Long story short, I think that removing accounts is something that
should be done later, and disabling sooner, at least for most types of
systems.  More on that below.  I don't think that there is any "best
practice" that I am aware of that concretely explains one over the
other, but given that both types of accounts are equivalent in terms of
having access to the system (neither one can be directly logged into in
a properly functioning system), I think that there can be many arguments
for going in either direction.

The single best reason that I can think of to disable accounts is to
maintain history and consistency in things like log files and records.
Eventually, they can be purged.  This is probably more for application
software and the like, though, as opposed to operating systems, but it
could really apply to either, in many circumstances.
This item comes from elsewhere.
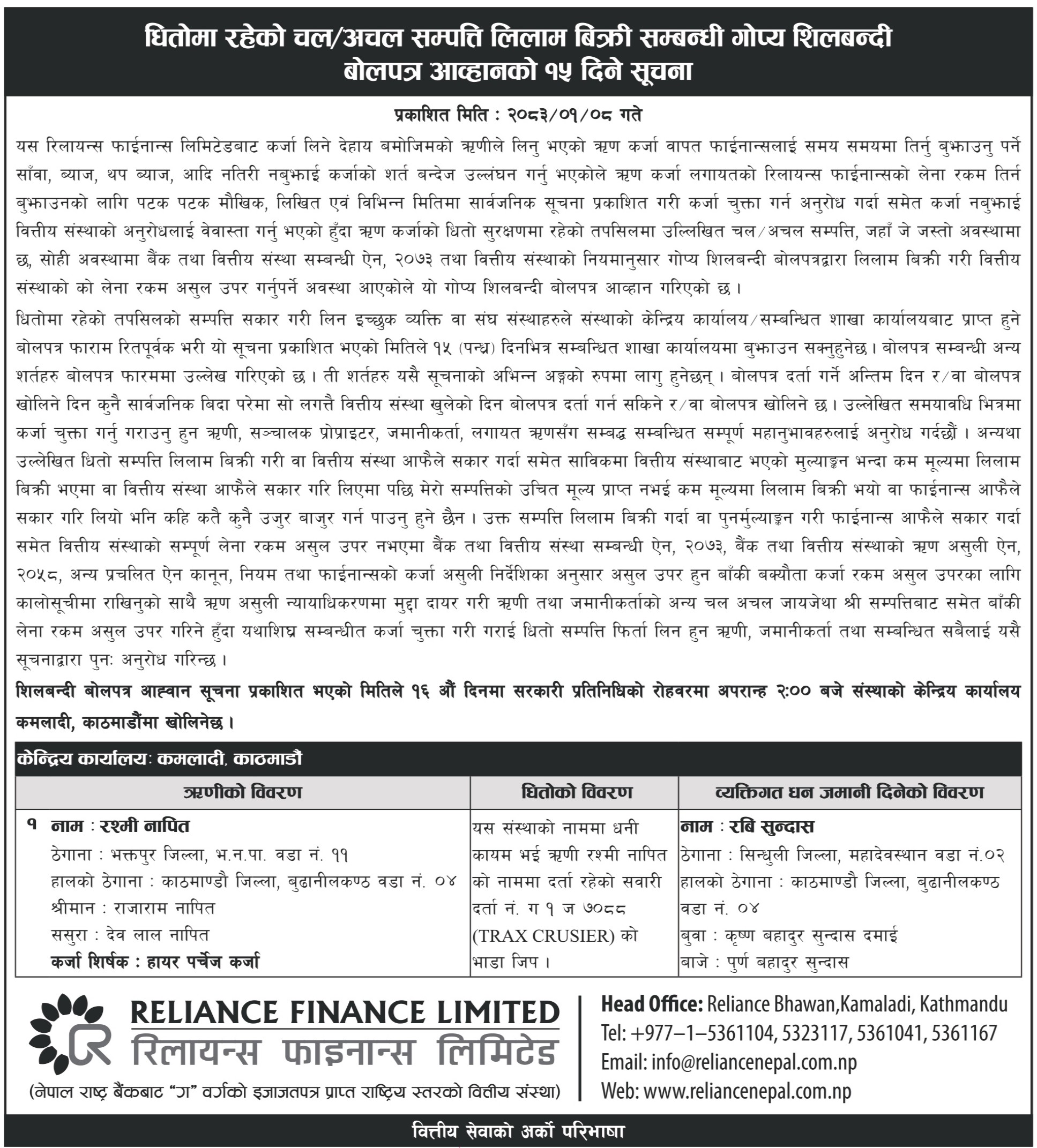 15 Days Auction Notice Published (2083-01-08)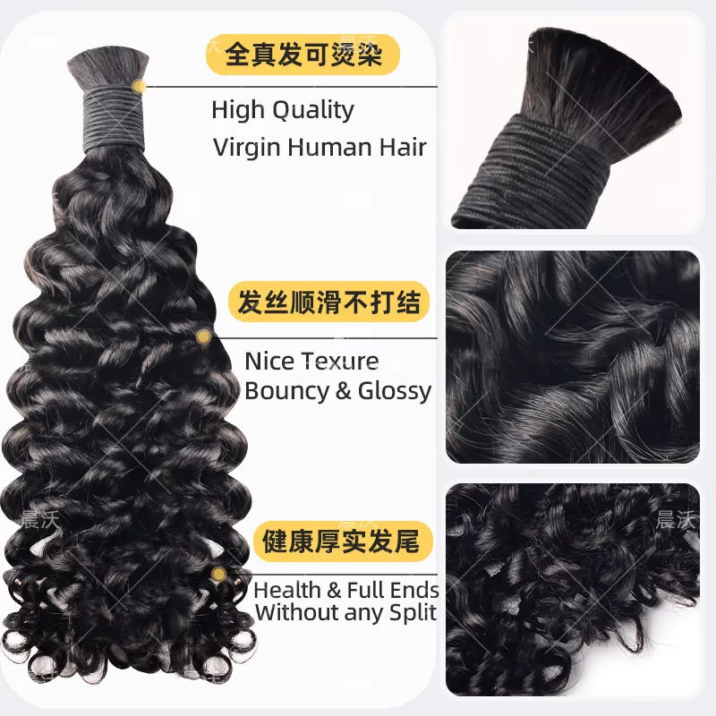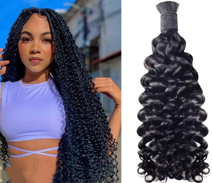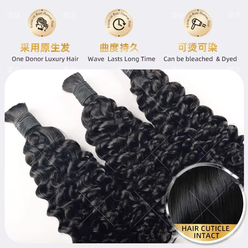 Cheveux humains Remy 1B double drawn pour tressage, 12-26 pouces, 100g, cuticules alignées, bouclés profonds, pour tresses bohèmes

Take, for example, an application that someone uses to fill out trouble
tickets all day long.  User accounts are created on them, tickets are
filled out, and those tickets are linked to the person that created them
by reference.  Referencing data is faster and smaller than duplicating
it, so it makes sense.  When that person leaves, do you delete their
account and then deal with all the orphaned tickets?  You could, but
you're going to lose some history that way.  The log files probably
contain a user ID or login name, and the history should, as well.  The
comments left on the ticket by that user will be the same way.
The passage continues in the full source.